Feature suggestion : periodical email notification/reminder of security updates

Thanks for the input, Esmi and Ipstenu, I submitted it to the suggested email adress.

I submitted the idea but never got any reply, and apparently it fell to the pits. And 8 months passed in the blink of an eye.

That’s too bad, in this way the WordPress architecture is contributing to making the internet less secure, allowing deprecated plugins, with known security issues allowing malicious code execution, to stay activated on online blogs while the blog owners don’t even know there’s a problem with the plugins ??

Hello Sabinou,

I just stumbled over this thread and totally agree with you.
I had the same idea last year and created a plugin to address that exact problem, which I believe will help a lot of people to keep the sites they are responsible for up-to-date without needing to login to each site and check for updates manually.

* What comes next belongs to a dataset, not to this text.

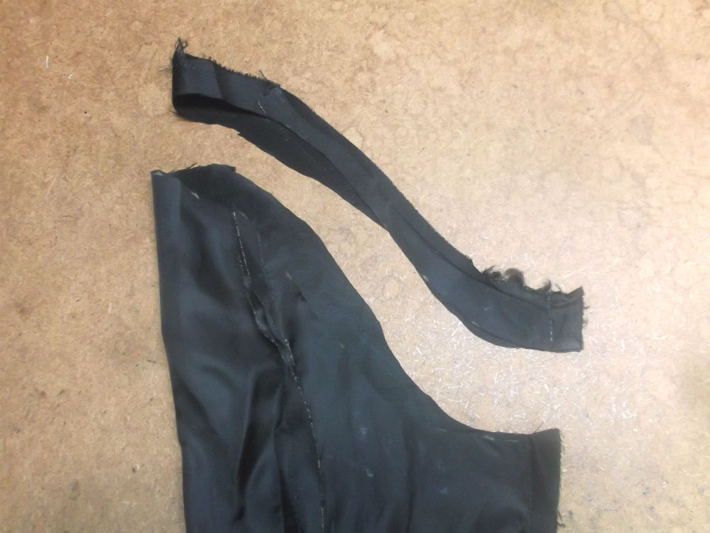 7枚目は裏地の袖丈の生地をカットした後の写真です。
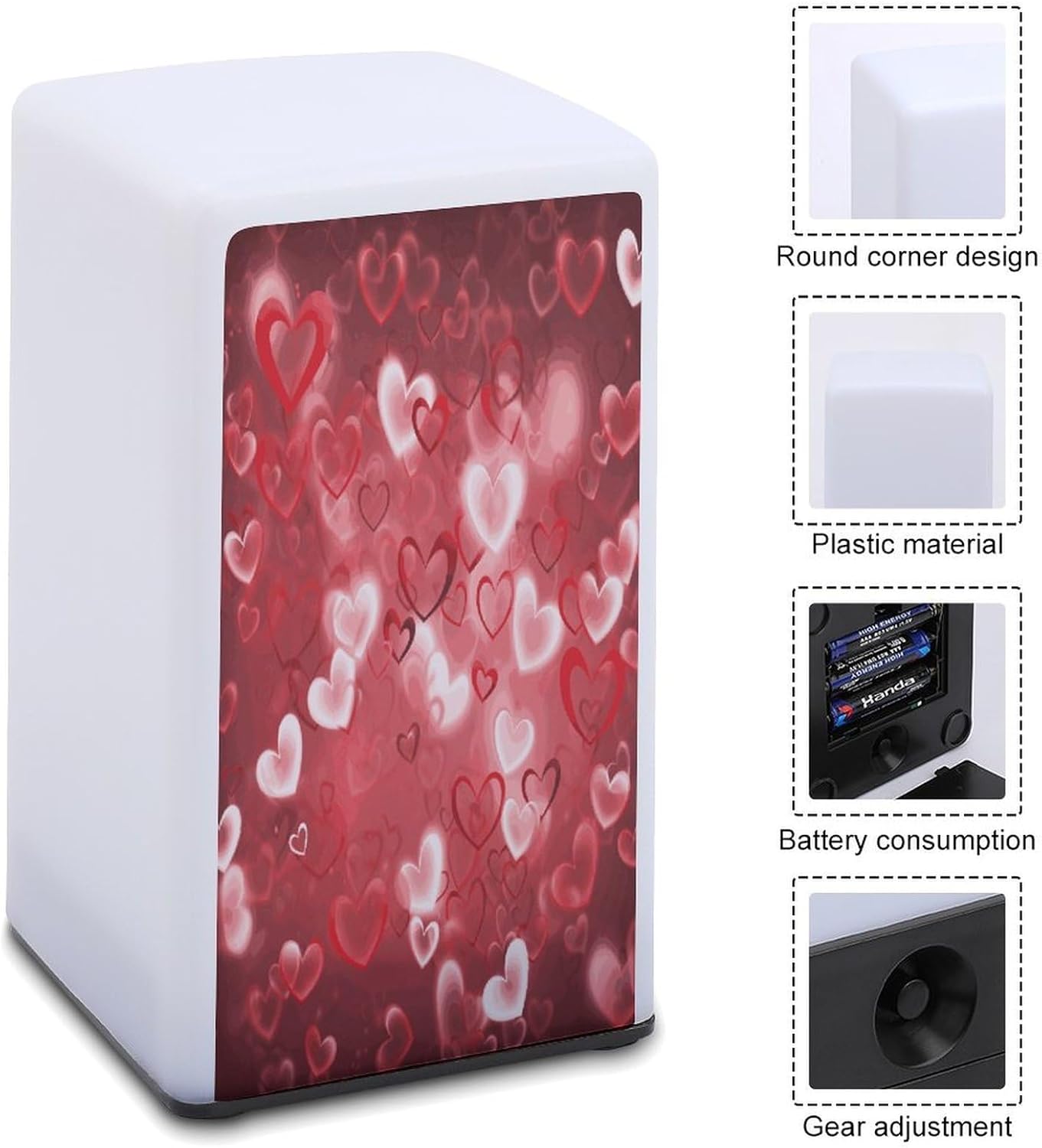 Tired of groping in the dark at night? Looking for a desk lamp that's both practical and stylish? Our Valentine's Day Love Heart printed small desk lamp is the solution you've been looking for—designed to make everyday life easier and more personalizedSay goodbye to the same old, cookie-cutter desk lamps. We use UV printing technology to imprint your lamp with a design. Even years later, these designs remain visible, transforming an ordinary desk lamp into a treasured keepsakeThe soft, warm glow is a game-changer. For night owls, it means no more waking up your partner. For those afraid of the dark, it's a nighttime companion that dispels the darkness and helps them fall into a deep sleep. Even at the bar, it creates a warm and cozy atmosphere without being overly dazzlingIt's compact and portable, making it easy to place anywhere—by your bed, on a bathroom counter, or to take with friends. Its thick plastic material withstands accidental knocks and can be kept clean with a quick wipeStruggling to find a gift that's both practical and thoughtful? This lamp for dorm ticks all the boxes. It'll be a unique gift that shows you care. Your friends and parents will think of you every time they open it

We have a dedicated team looking for publicly disclosed vulnerabilities in dozens of different sources around the web, process and store this information. From within the plugin you can subscribe to a professional feed that will alert you per e-mail about vulnerabilities that affect your website. If you subscribe with the same user on multiple sites, you would only get one e-mail for each vulnerability but stating exactly which of your sites are affected by this vulnerability.

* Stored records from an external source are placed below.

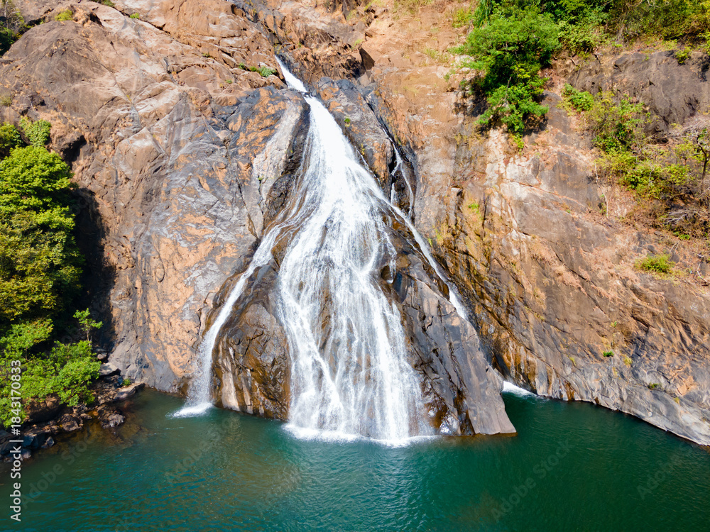 Dudhsagar Falls aerial panoramic view in Goa, India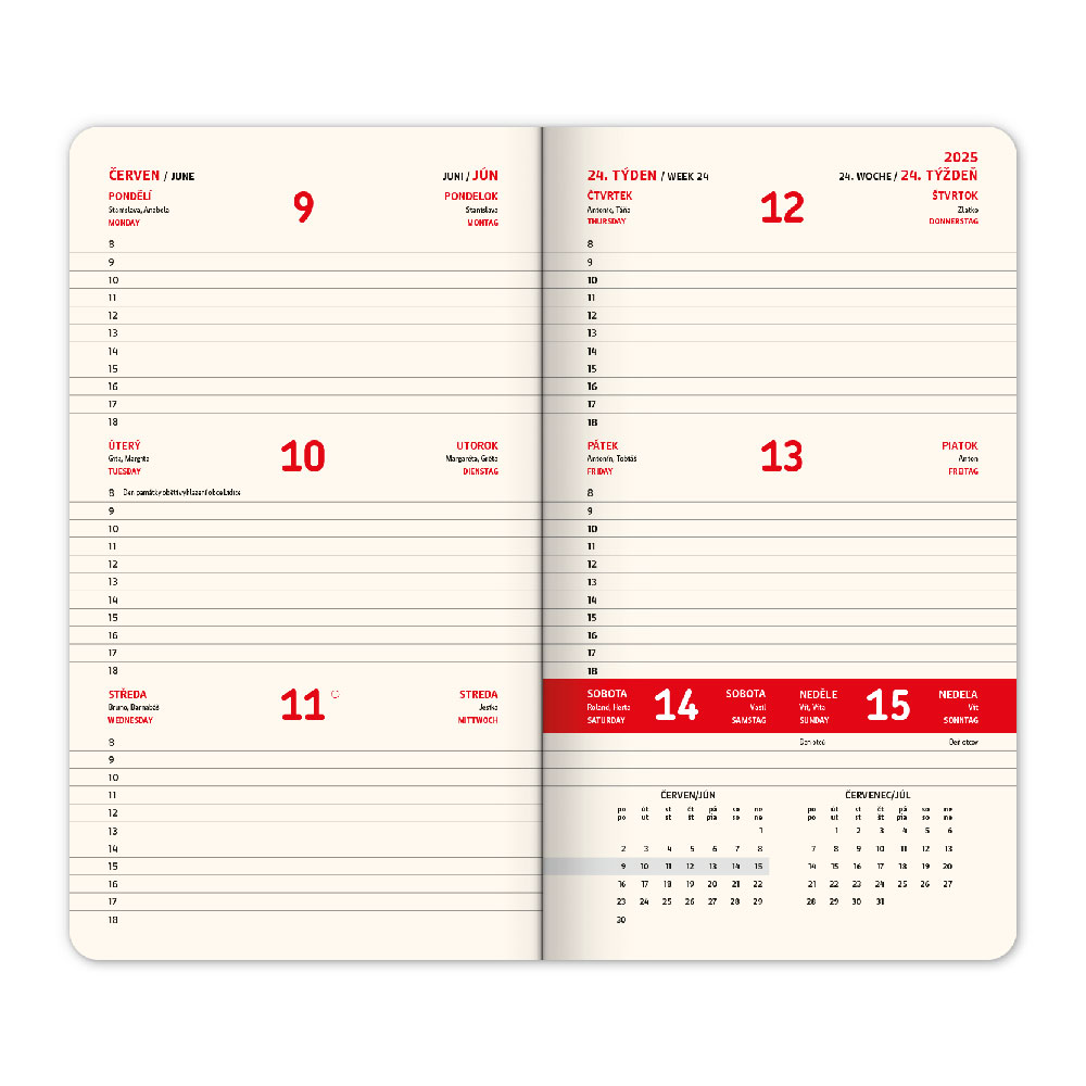 Kalendárium: týždenné 4jazyčné (CZ, SK, GB, DE)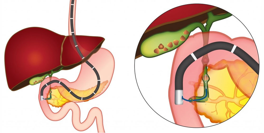 При обнаружении камней в желчных протоках (холедохолитиаза) в первую очередь необходимо извлечь конкременты из желчных путей. Оснащённость нашего стационара всем современным оборудованием позволяет выполнить операцию минимально травматично — при помощи эндоскопа под ультразвуковым и рентгенологическим контролем: эвакуировать конкременты из общего желчного протока через двенадцатиперстную кишку при помощи гастроскопа. Такие методики позволяют избежать открытого вмешательства, травматичных манипуляций на печеночных протоках.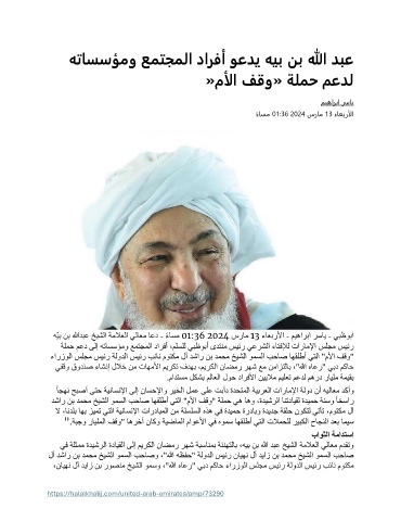 دشار نب دمحم خيشلا ومسلا بحاص اهقلطأ يتلا "ملأا فقو" ةلمح يه اهو ،ةديشرلا انتدايقل ةديمح ةنسو ًاخسار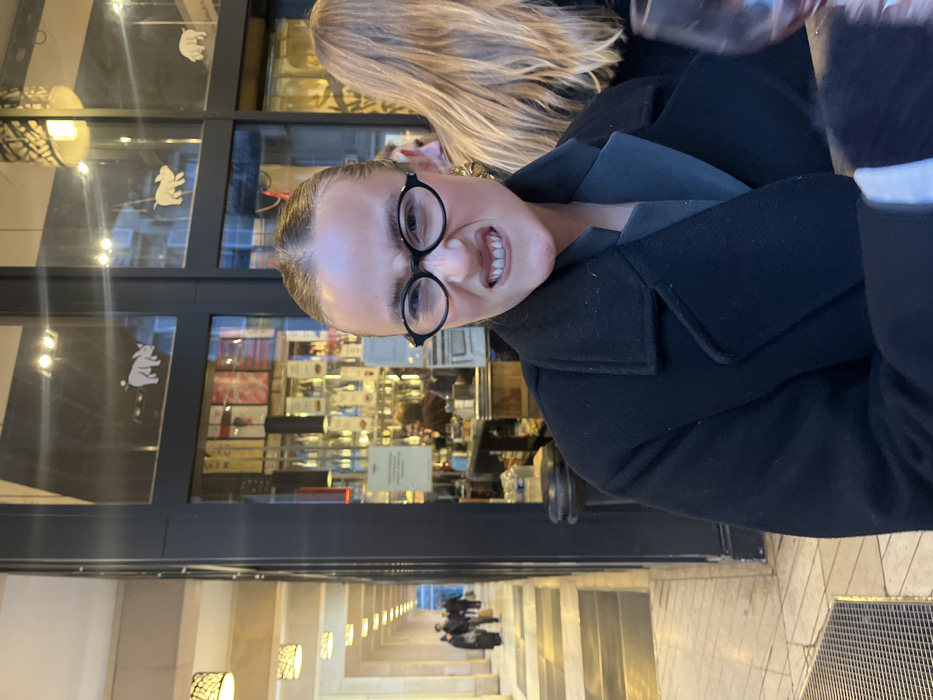 A blonde-haired woman in glasses and a black coat smiles with clenched teeth towards the camera. She stands near a building with large windows displaying merchandise inside. Reflected in the windows are lights and a long hallway with people walking. Part of another person's blonde hair is visible above the woman's head. A partial glass of a dark liquid appears in the upper right of the frame.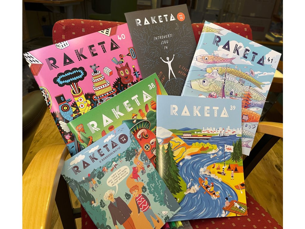 Ročník 2024 – témata: JABLKO, ŘEKA, SLAVNOSTNÍ ČÍSLO, JAPONSKO + jako bonus dva sešity Raketa mini: Dobrovolnictví (vznikl ve spolupráci s Nadací Olgy Havlové) a Introverti jsou in (o citlivých povahách a introvertech).

The plugin (MVIS Security Center) is in the beta phase now, so the subscription is free for 3 months.
We are also working on improving the e-mail notification settings to include status e-mails about plugins that have updates available in addition to informing users about vulnerabilities in WordPress, the plugins or themes. Please feel free to post features you would like to see in the support forum of the plugin itself and I will make sure that they get included.

Of course it would also be helpful to not have the plugin page disappear but have an informative page explaining why the plugin is currently disabled. Even further, maybe exposing this through the WordPress update checks to give users information if a plugin was disabled because of security vulnerabilities, similar to if an update is available for a plugin or not.

Secconsult, if I may give an advice regarding your nice plugin (I have no problems with it being a commercial plugin, I love free software, I like open source software, but I am not a free software fundamentalist), you also ought to monitor if the wordpress repository pages of the installed plugins inside a blog, to check if one of these pages suddenly disappears. If such a page disappears, that means there has been a serious reason to doubt the plugin’s reliability…

As for the rest, it’s all about hoping to catch the attention of influential worpdress community members and re-launch the debate :-/

Good point Sabinou, I’ll take a look at it and see if this can be detected reliably and how this feature can be incorporated.

Let’s cross our fingers in the meantime that this debate will be relaunched, with a better outcome ??